## Wednesday, July 21, 2010

### That crazy formula

I rarely consider mathematical formulas on their own to be beautiful things, but there is something quite special about one formula in particular, here it is:
e^i*pi + 1 = 0
The formula is saying 'if you rotate 1 by 180 degrees then you get -1'.
It is a very satisfying formula, it contains a plus, a multiply and a power, and it contains possibly the four most useful numbers in mathematics, 0, 1, pi and e.

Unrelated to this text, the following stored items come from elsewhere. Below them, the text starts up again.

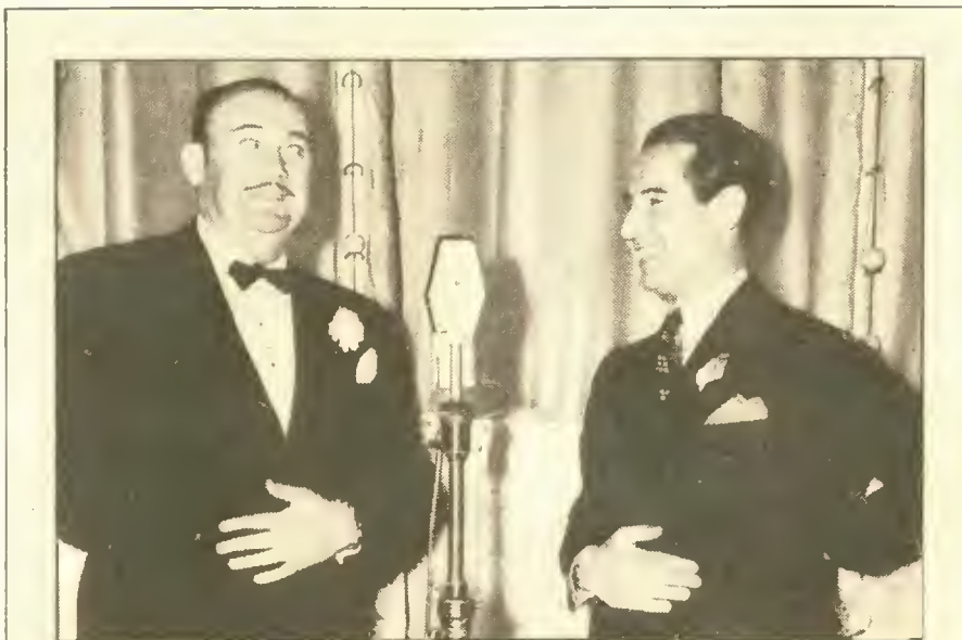
A new combination of headliners, Paul Whiteman and Frank Parker, boast of their reduced waistlines as Paul welcomes the tenor to his Varieties as a regular feature, which means added pleasure for Sunday night tuner-inners from coast to coast and then some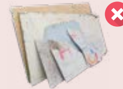
Plaster board, cement sheeting, asbestos products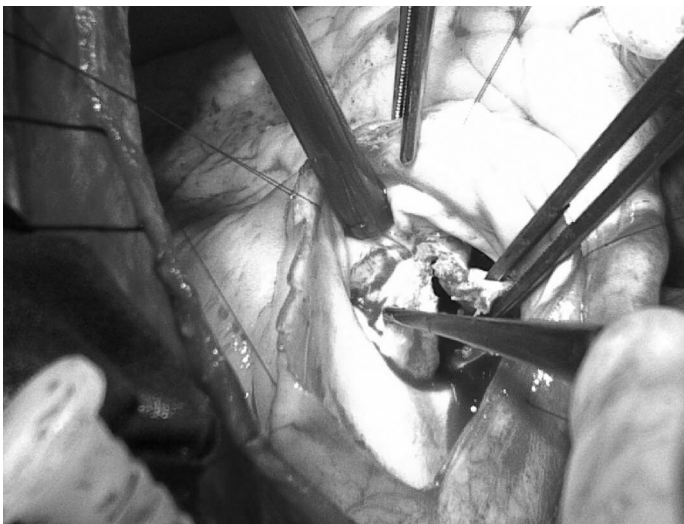
Figure 2: Removal of the calcific pulmonary valve

This calcification was localized to the valvular area and also it was found to be invading the subvalvular area. During surgery, we only resected the valve and reconstructed the right ventricular outflow tract with a glutaraldehyde treated pericardial patch (Figure 2).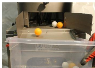
4. Open the exit lid to retrieve the trimmed flowers.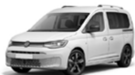
VW Caddy Life 2021-present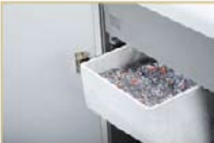
Separate waste box for CDs/DVDs and cheque cards.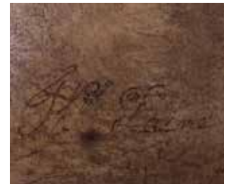
Cobbett's son inscribed Paine's name on the skull as shown above.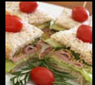
Gourmet Tea Sandwiches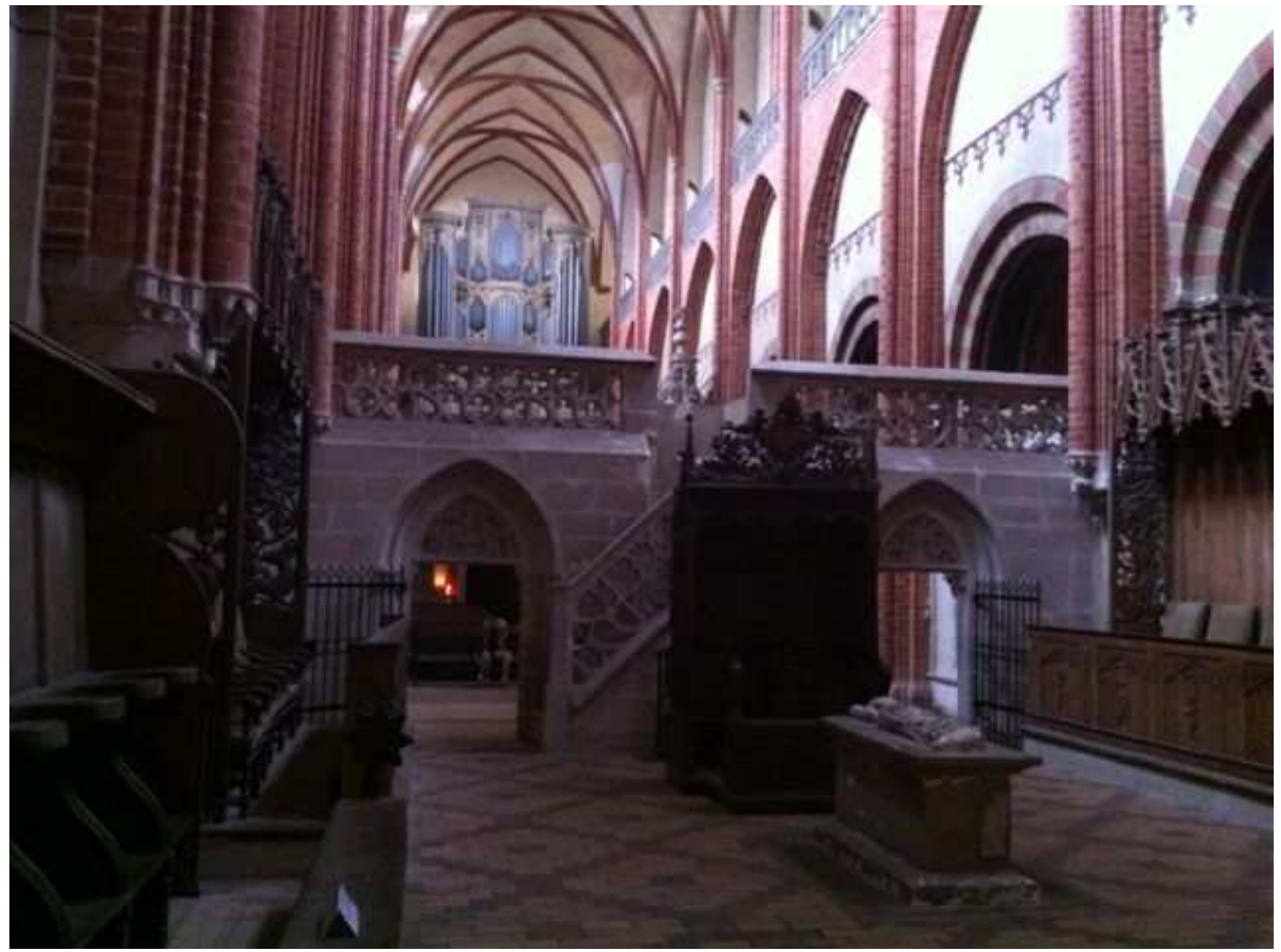
The impressive Havelberger Dom St. Marien from AD.1170

Also here, you will find a large, old and well preserved Organ from 1777.

Another reason why it is a special formula came to me yesterday when I was investigating how the units of measurements combine in formulas.
If we square a velocity (in metres per second) we get a value in square metres per second squared. So if you write the units as a vector [metres, seconds] then a velocity is [1, -1] and a velocity squared has units [1, -1]^2 = [2, -2].
What if you multiply two measurements together? What units do you get if you multiply a velocity by an acceleration? You get [1, -1]*[1, -2] = [2, -3].
Can you see the pattern? Well here it is... if you take a measurement to the power x then you multiply the units by x. If you multiply two measurements then you add the units together. It seems that the units operate one 'level' down from the operation on the measurements themselves.
To clarify this idea of a 'level' we need to look at hyper operators. Here they are:
a (1) b means a + b
a (2) b means a * b
a (3) b means a ^ b
So what seems to be the case is that the units of measurements A (n) B are a (n-1) b (where lower case means units of).

So what happens if you add two measurements together? what happens to the units? Well what are the units of a velocity plus a time? or a position plus a velocity? A tough question... you could say that the resulting measurement is unitless, but that is actually wrong, a gradient (e.g. height/width) is unitless. The sum of two measurements seems to be 'less than' unitless, unlike a unitless measurement which has a vector [0,0,..,0], the sum isn't even that, it isn't even the empty set because it isn't a set, it is just empty, void.
However, you can still sum measurements if they have the same units... an acceleration plus an acceleration still has units [1, -2].

This is interesting because it means that we have defined a (0) operator, not only that but it is different from the normal 0 hyper operator (which is succession), we have:
a (0) b = void if a different to b
a (0) b = a if a same as b (or it can equal b, same thing)
I like this new version of the 0 hyper operator (maybe we should call them ultra operators from now on), because a (0) b is a binary operator and is symmetrical.
The best part about this operator is that it has an obvious meaning that we use in every equation ever written, it is the equals operator! It is actually an important change to how '=' is interpreted. Rather than thinking of a=b being a boolean expression, it is numerical expression that either returns the equal value, or simply doesn't return. A bit like this:
operator = (a, b)
{
if (a==b)
return a;
}

Anyway, where was I? Oh yes, this brings me around to the other reason why the formula at the top of the page is special. If we write it using ultra operators it looks like this:
e (3) i (2) pi (1) 1 (0) 0

It is quite a simple formula wouldn't you agree?

It makes me wonder whether there is some more that can be learnt from it.